De heer Vleeshouwers: Dat doe ik zeker! Ik heb nog één aanvullende vraag; dat heb ik in mijn inleiding ook al gezegd. Ik mis een financiële onderbouwing van het verhaal. Zouden wij over anderhalve week ook een inschatting kunnen krijgen van de kosten die dit voorstel met zich mee gaat brengen? De heer Rozendaal: Wij hebben in het voorstel aangegeven dat het in principe geen financiële consequenties heeft, anders dan die welke er nog zouden zijn, maar…. Mevrouw Breuers: Mijnheer de voorzitter! Volgens mij ontlokt u mij nu een interruptie. Als we verder gaan, dan wordt het tóch behandeld. Zullen we er nu niets meer over zeggen?
109
A
Verslagnummer 9
De heer Rozendaal: Dat vind ik een heel goed….
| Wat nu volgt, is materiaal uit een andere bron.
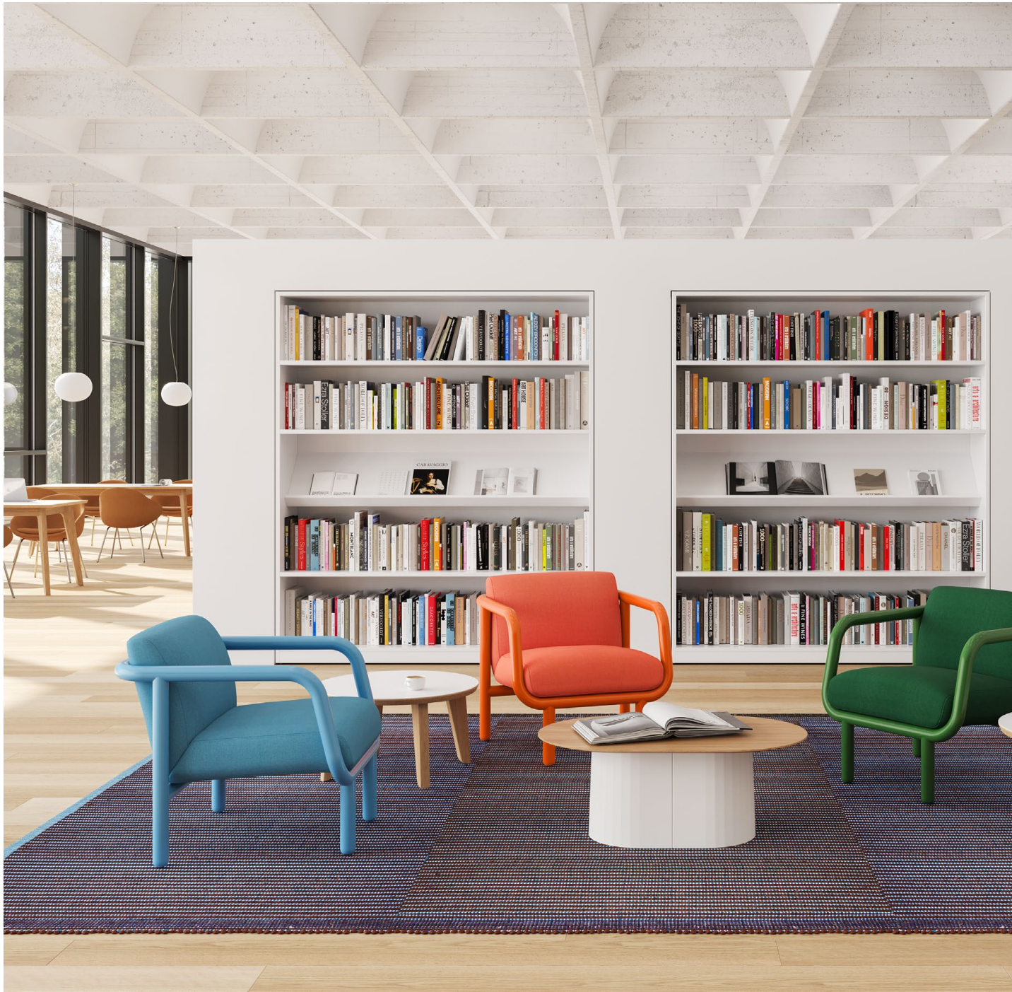
NaughtOne Percy Lounge Chair

Voorzitter: Mijnheer Vleeshouwers, er wordt hard gewerkt. Over anderhalve week is er meer! Zullen we het zo maar afspreken? Dank u wel, mevrouw Breuers. Zó zullen we er mee omgaan. De wethouder heeft het zó voorgesteld, dank u zeer. XI Ingekomen stukken Voorzitter: Dan zijn we nu toe aan agendapunt XI, ingekomen stukken. Zie onder a. gaat u ermee akkoord als we er zó mee omgaan? Mijnheer Van Liempd. De heer Van Liempd: Onder a2 staat een stuk van Milieudefensie en de Vereniging Klimaatverbond Nederland. Het zijn adviezen in het kader van de gemeenteraadsverkiezingen. Zou het mogelijk zijn om hiervan alle partijen een afschrift te geven, zodat zij het kunnen meenemen in hun verkiezingsprogramma’s? Voorzitter: Dat gaan we regelen. De heer Van Liempd: Dank u wel. Voorzitter: Verder nog iemand? Dan onder b, de voorstellen zoals daar geformuleerd. Kunt zich allen daarin vinden? Dank u zeer. Onder c ook? Dank u. Dan zijn we nu aan het einde gekomen van onze beraadslagingen van vandaag. Staat u mij toe dat ik een opmerking maak. Ik liep daarstraks even weg; met dank nog aan mevrouw Joosten dat zij mij verving. Radio 1, de NOS, had wederom belangstelling voor de gebeurtenissen in deze raad. Vanavond om 19.00 uur al, en nu weer. Men was in Hilversum redelijk verbaasd dat wij hier zo hard aan het werk waren terwijl er juist twee wethouders waren vertrokken. Mag ik u hartelijk bedanken, dat wij ook vandaag in het stadsbelang hard gewerkt hebben met elkaar? We hebben een stevige dag achter de rug; een emotionele dag ook. Ik ben u allen zeer erkentelijk voor uw constructieve inzet. We hebben goede afspraken met elkaar gemaakt. In Eindhoven blijft men samen hard aan het werk. Dank u wel. We gaan wat drinken. Aldus vastgesteld in de openbare raadsvergadering van 12 december 2005.